Work order: When you reach the line with "8月3日,淮北市委常委、纪委" in the listing below, transcribe it and each line after it up to and including the line with "Next, spread it", exactly and with nothing else.

Data shown:
== Segment start ==

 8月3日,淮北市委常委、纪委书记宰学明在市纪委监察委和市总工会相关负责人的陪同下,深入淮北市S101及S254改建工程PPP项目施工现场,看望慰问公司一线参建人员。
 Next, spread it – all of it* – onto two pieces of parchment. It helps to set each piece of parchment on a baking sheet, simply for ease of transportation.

== Segment end ==
== Segment start ==

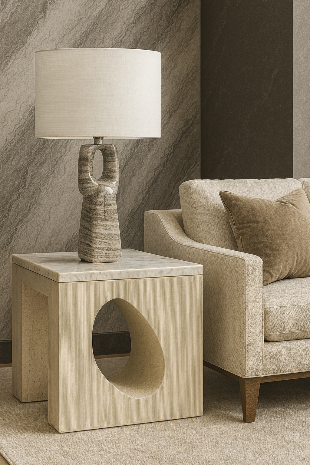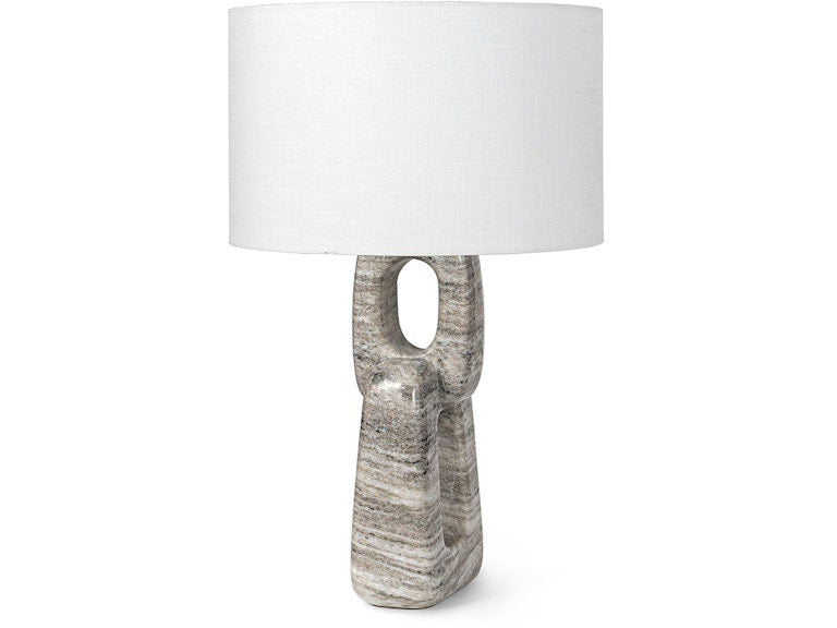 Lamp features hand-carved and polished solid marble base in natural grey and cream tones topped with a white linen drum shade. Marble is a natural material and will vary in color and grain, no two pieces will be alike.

== Segment end ==

Solution to the problem:
 8月3日,淮北市委常委、纪委书记宰学明在市纪委监察委和市总工会相关负责人的陪同下,深入淮北市S101及S254改建工程PPP项目施工现场,看望慰问公司一线参建人员。
 Next, spread it – all of it* – onto two pieces of parchment. It helps to set each piece of parchment on a baking sheet, simply for ease of transportation.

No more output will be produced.